I profagi sono genomi virali che si sono fusi in genomi batterici. Occasionalmente possono rianimarsi e rilasciare nuove particelle virali, mettendo in pericolo i batteri che li ospitano. I sistemi CRISPR-Cas, che agiscono come un sistema immunitario adattivo nei batteri, si difendono da questi attacchi prendendo di mira e affettando il DNA virale.
Tuttavia, secondo uno studio pubblicato sulla rivista "Cell", i ricercatori dell'ETH di Zurigo hanno scoperto che i batteri utilizzano anche un secondo meccanismo immunitario, da loro soprannominato sistema CRISPR-Cas di tipo III-A. Questo metodo differisce dal sistema convenzionale CRISPR-Cas di tipo II in quanto utilizza un insieme distinto di proteine e prende di mira l’RNA anziché il DNA.
Il sistema CRISPR-Cas di tipo III-A è stato studiato dai ricercatori guidati da Martin Jinek, professore di biochimica all'ETH di Zurigo, utilizzando il batterio modello Escherichia coli (E. coli). Hanno scoperto che il sistema protegge l'E. coli dal virus noto come P1 identificando e distruggendo l'RNA virale.
Una singola proteina conosciuta come Csm6 è responsabile del funzionamento del meccanismo. In precedenza è stato dimostrato che Csm6 svolge altri compiti, ma la sua partecipazione all’immunità era inaspettata. Csm6 cerca sequenze di RNA che assomigliano al genoma batterico e prende di mira l'RNA virale per distruggerlo quando è legato a guidare le molecole di RNA.
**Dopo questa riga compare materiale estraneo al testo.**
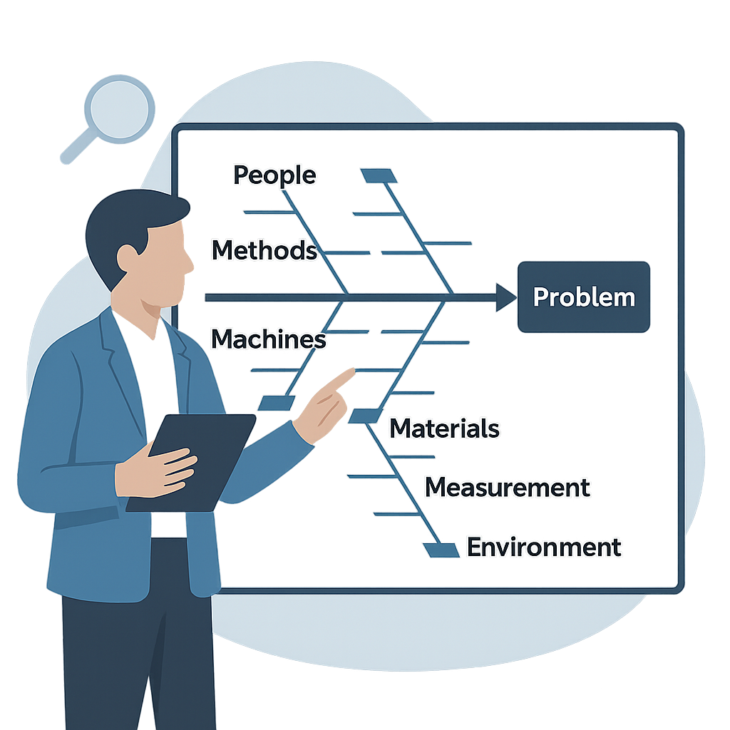 As mentioned, the 6M framework is one classic set of categories. Let’s briefly explain each, as they are still instructive even for non-manufacturing scenarios:

Il sistema CRISPR-Cas di tipo III-A è particolarmente interessante perché non richiede che l'RNA CRISPR corrisponda perfettamente all'RNA obiettivo. Utilizza invece un metodo di accoppiamento delle basi traballante che consente di prendere di mira una varietà di sequenze di RNA con un singolo RNA guida.
Questa tecnica di targeting basata sulle oscillazioni conferisce al sistema CRISPR-Cas di tipo III-A un vantaggio competitivo quando si tratta di virus in rapida evoluzione. I virus modificano frequentemente le loro sequenze di RNA per evitare il rilevamento da parte di altri meccanismi immunologici. Il sistema CRISPR-Cas di tipo III-A, tuttavia, può identificare e prendere di mira una gamma più ampia di forme di RNA virale grazie alla sua capacità di accettare disallineamenti.
La scoperta del sistema CRISPR-Cas di tipo III-A potrebbe influenzare il modo in cui pensiamo all’evoluzione batterica e creare nuovi farmaci. L’evoluzione dei batteri, ad esempio, potrebbe essere stata influenzata da questo metodo di difesa. La varietà di sequenze target che il sistema CRISPR-Cas di tipo III-A può affrontare potrebbe anche renderlo un buon candidato per lo sviluppo di nuovi farmaci antivirali.
La scoperta del sistema CRISPR-Cas di tipo III-A potrebbe aprire la porta a ulteriori ricerche sull'immunità batterica e allo sviluppo di nuove terapie antivirali. Inoltre, serve a ricordare la complessità e l'inventiva della natura nella lotta contro le malattie.